■ **Description of the task**
The first line of the entries and each line after it, through the one that contains "Green Colour Silk", are to be duplicated exactly; no picture belongs in the copy.

(Provided records)

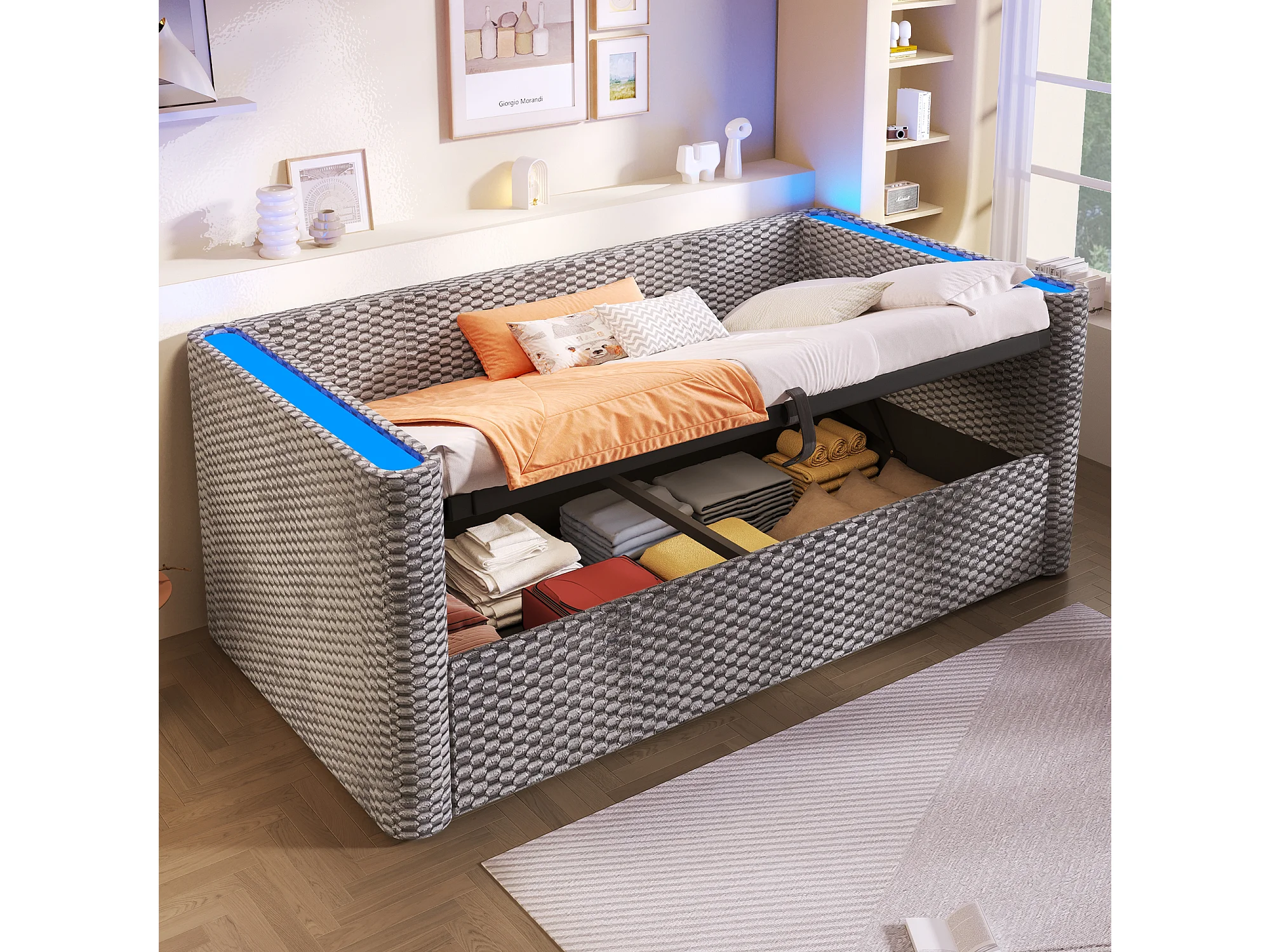 Schlafsofa mit Stauraum 90×200 cm - mit Beleuchtung - mit USB- und Type-C-Anschluss - Samt - Grau (ohne Matratze)
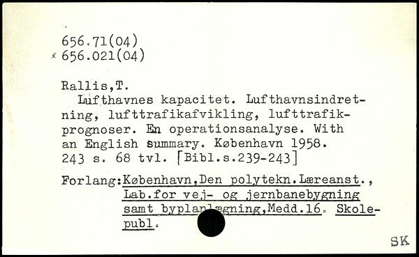 Lufthavnes kapacitet. Lafthavnsindretning, lufttrafikafvikling, lufttrafikprognoser. En operationsanalyse. With an English Summary.
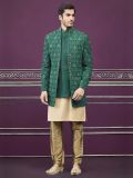 Green Colour Silk Fabric Men's Indowestern With Matching Patiala Style Pajama And Kurta.
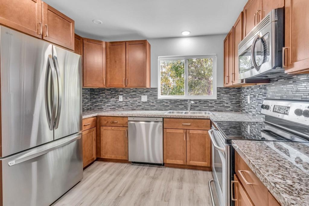 Welcome to this charming townhome nestled in the desirable Fletcher Hills neighborhood. Boasting a prime location with easy access to freeways, shopping centers, and top-rated schools, this home offers convenience and comfort for modern living. Featuring three bedrooms and two and a half bathrooms spread across 1454 square feet, this townhome provides ample space for families or those seeking room to grow. Step inside to discover a spacious kitchen and living area, perfect for entertaining guests or relaxing with loved ones. The recently remodeled kitchen showcases stainless steel appliances, including a brand new refrigerator, making meal prep a breeze. Natural light floods the interior, highlighting the newly painted walls and stylish vinyl plank flooring throughout. The cozy carpeted bedrooms provide a peaceful retreat, while the tile-adorned bathrooms exude a touch of elegance. Step outside to the large covered patio, ideal for enjoying morning coffee. Ample storage space can be found both within the unit and the attached two-car garage, offering plenty of room for belongings. Residents can take advantage of the amenities, including a pool and spa, perfect for relaxing on sunny days. Plus, with only 36 homes in the community, you'll enjoy a sense of tranquility and privacy. Flying Hills School of Arts, rated 18th best middle school (K-8) in the area by Niche.com, is conveniently located nearby. Experience the best of East County living with easy access to shopping at Parkway Plaza and dining options at Grossmont Center, including the local favorite Beef n bun on Fletcher Parkway. Commuting is a breeze with quick access to the 8, 67, 52, and 125 freeways, as well as the Trolley line. Pets are welcome in this pet-friendly community, adding to the appeal of this turn-key townhome. Don't miss your chance to own this spacious and impeccably maintained townhome in a quiet and desirable location. Schedule a showing today and make this your new home sweet home!
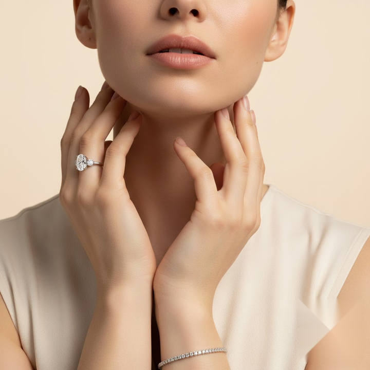 A luminous oval center stone reflects the heart at the center of the story — you.
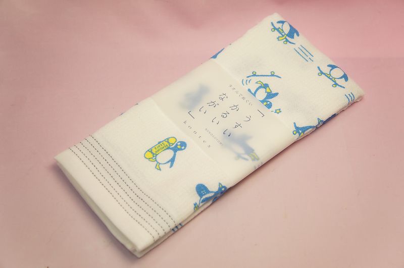 【在庫限り】てぬぐいたおる「スケボーペンギン」

(End Provided records)

■ **Result of the task**
 Schlafsofa mit Stauraum 90×200 cm - mit Beleuchtung - mit USB- und Type-C-Anschluss - Samt - Grau (ohne Matratze)
 Lufthavnes kapacitet. Lafthavnsindretning, lufttrafikafvikling, lufttrafikprognoser. En operationsanalyse. With an English Summary.
 Green Colour Silk Fabric Men's Indowestern With Matching Patiala Style Pajama And Kurta.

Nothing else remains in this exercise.